Louis-Cesare inhaled. “Magic was not required here. This is art.”

“I don’t know that I’d get too close to that, if I were you,” I advised. Moisture had beaded the outside of the glass, and his fingers left prints in the damp dust. I didn’t know what it was sweating, but it was better to be safe than in a hundred pieces. I’d probably have a hard time explaining to Mircea why his red-haired boy hadn’t even made it through the first day. “Pip’s experiments could be a little… volatile.” As demonstrated by the multicolored stains on the basement walls, courtesy of years of explosions.

“I sincerely hope so,” he said obscurely. To my consternation, he opened the vial and ran a fingertip over the wet end of the plug. Before I could stop him, he brought it to his lips.

“Pip was an alchemist,” I informed him, resisting the urge to step back. “Anything could be in there.”

He raised a dark brow. “Alchemist?

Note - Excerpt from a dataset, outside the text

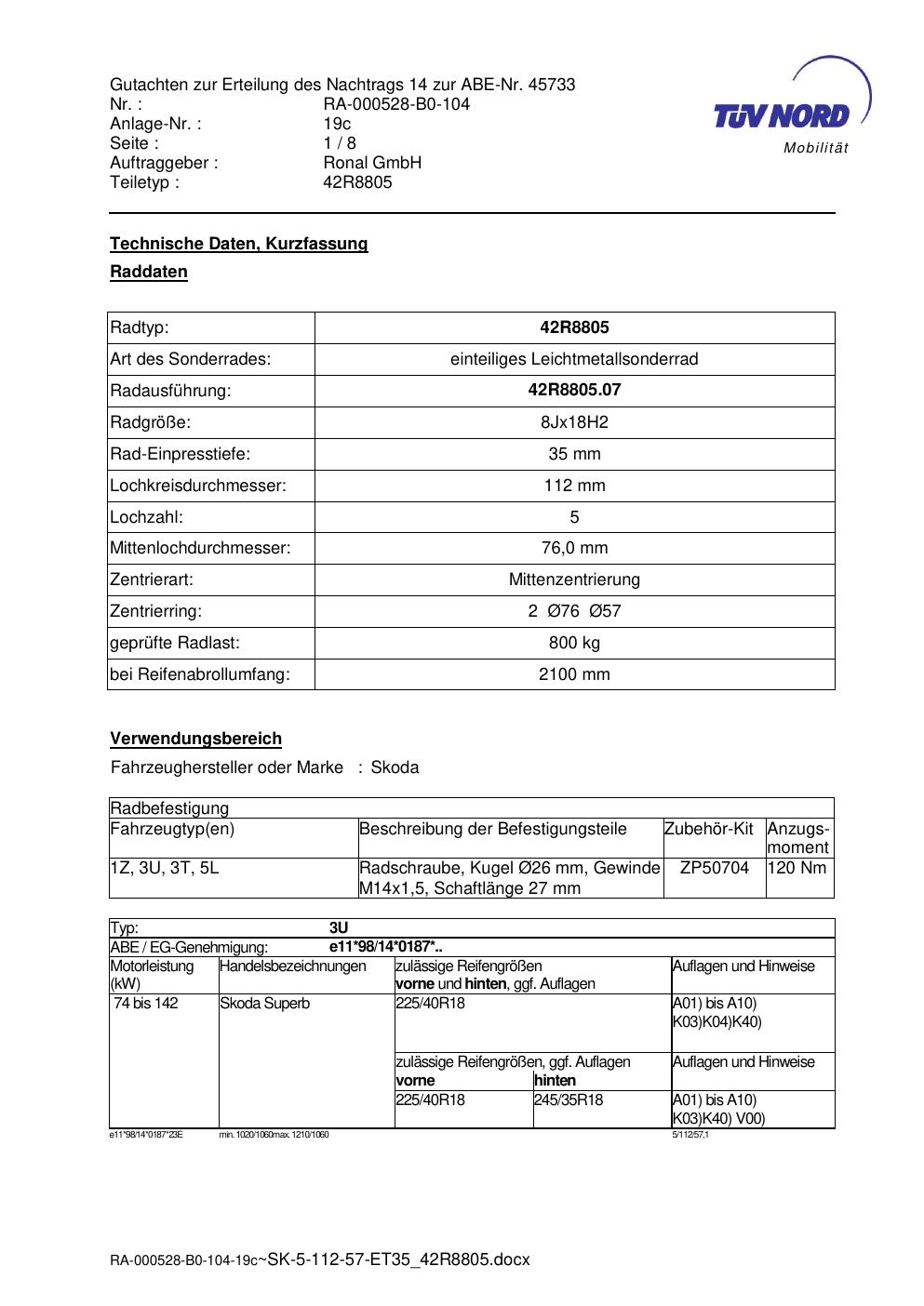 Dieses Gutachten (abe) bezieht sich auf die Alufelge brand-ronal 42R8805 in der Ausführung 8Jx18 ET 0, Mittenloch 0 mm (KBA 45733). Im PDF findest du typischerweise zulässige Reifengrößen, Auflagen/Anbauhinweise und – je nach Dokument – Hinweise zur Eintragung.
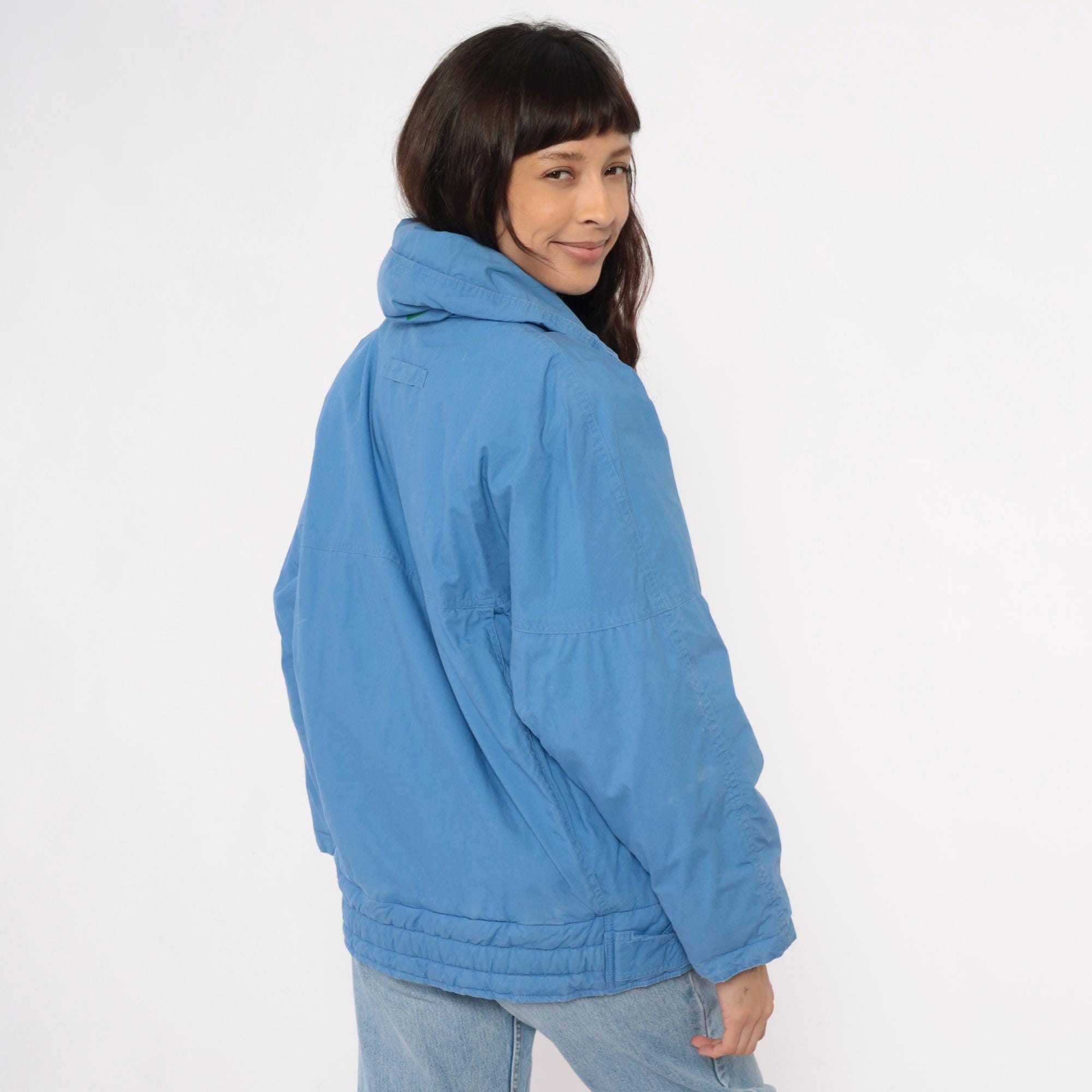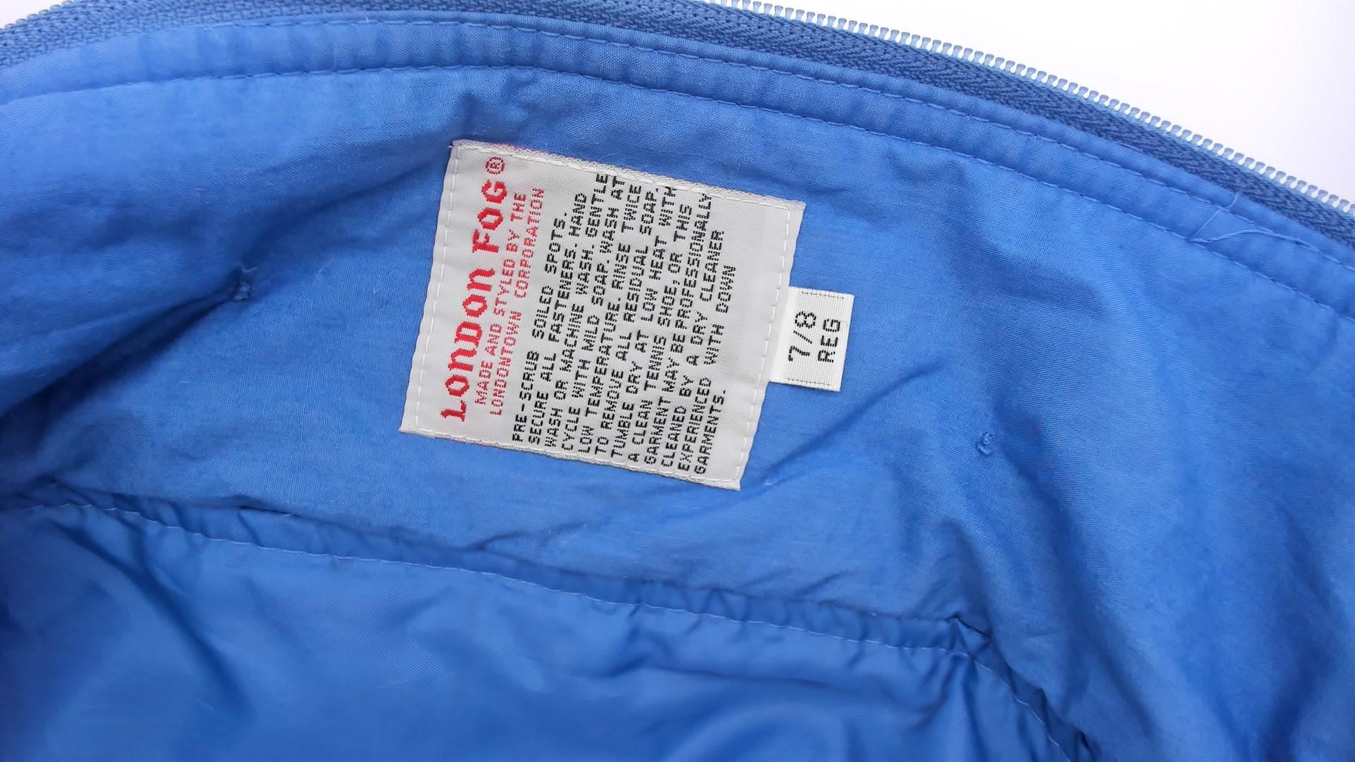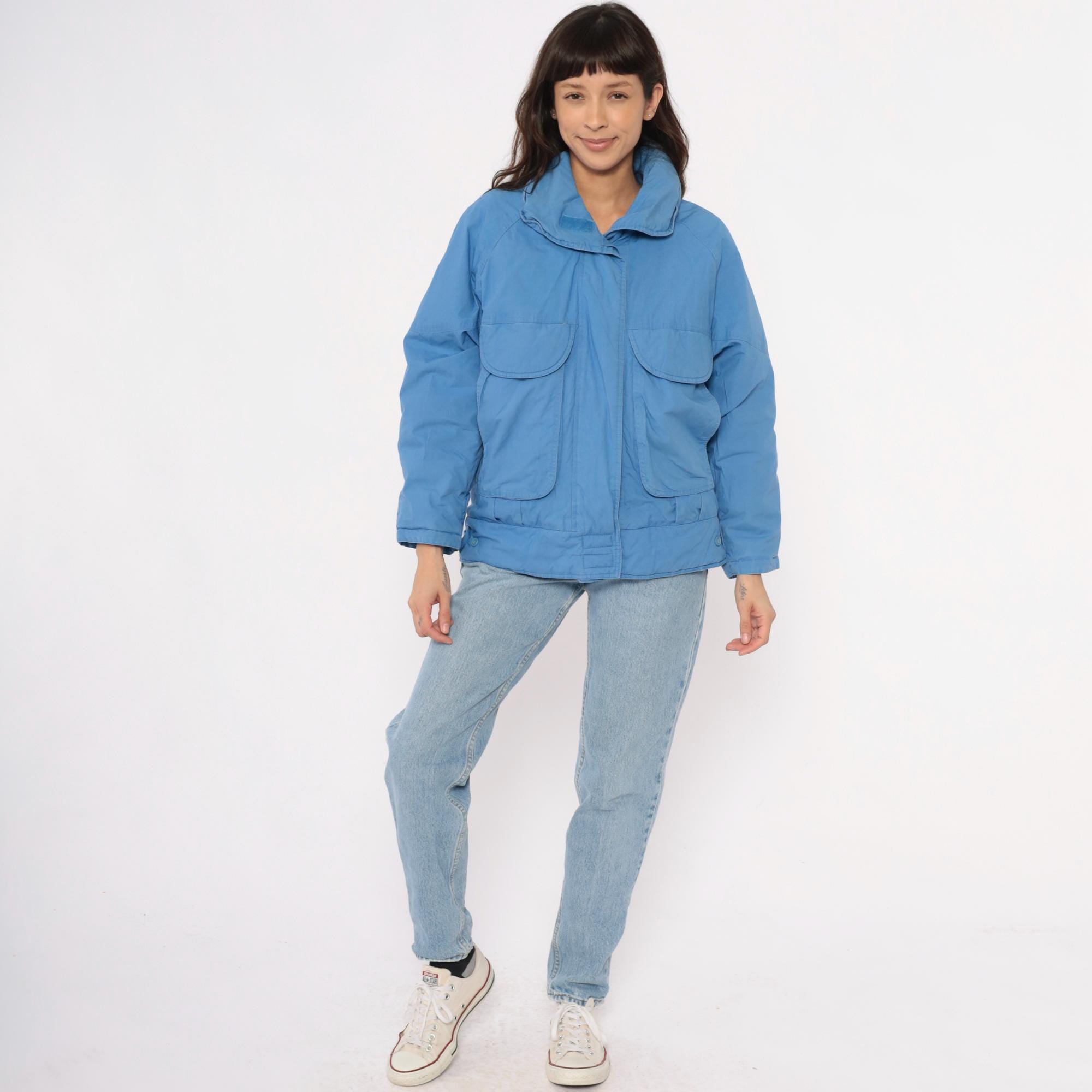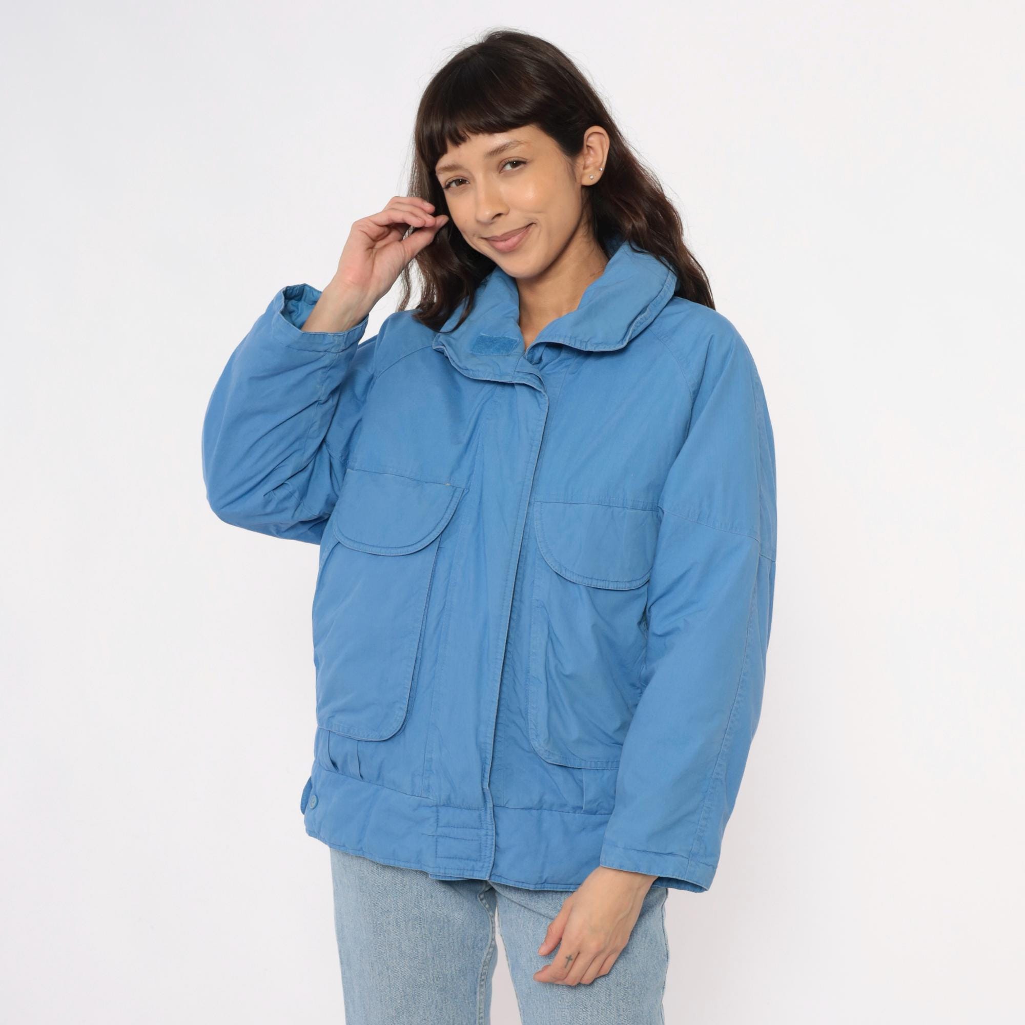 80s periwinkle blue puffer jacket from Winning Edge London Fog with collar and button tab closure at neck. Hidden front zipper, two large chest pockets with curved flaps, raglan sleeves, elasticated hem.

Is that what they call them now? The last time I visited this country, there was a more colorful term in use. Moonshiner.” He went back to browsing the shelves, exactly like a connoisseur in a wine shop. I narrowed my eyes at the pile of metal in the corner—the still, I presumed—and suddenly a lot of things made sense.

“You’re telling me these crates contain booze?”

“Booze.” He rolled the word over his tongue as if he liked the sound. “Yes, I remember that one. And ‘giggle water,’ and ‘hair of the dog’ and, my personal favorite, ‘hooch.’ ” I stared, both at the oddity of hearing those words in his accent and for the realization that some of the slang wasn’t exactly current. I scowled. Thank you, Mircea. If Louis-Cesare’s knowledge of the rest of the country was as archaic, he was going to be just a huge help.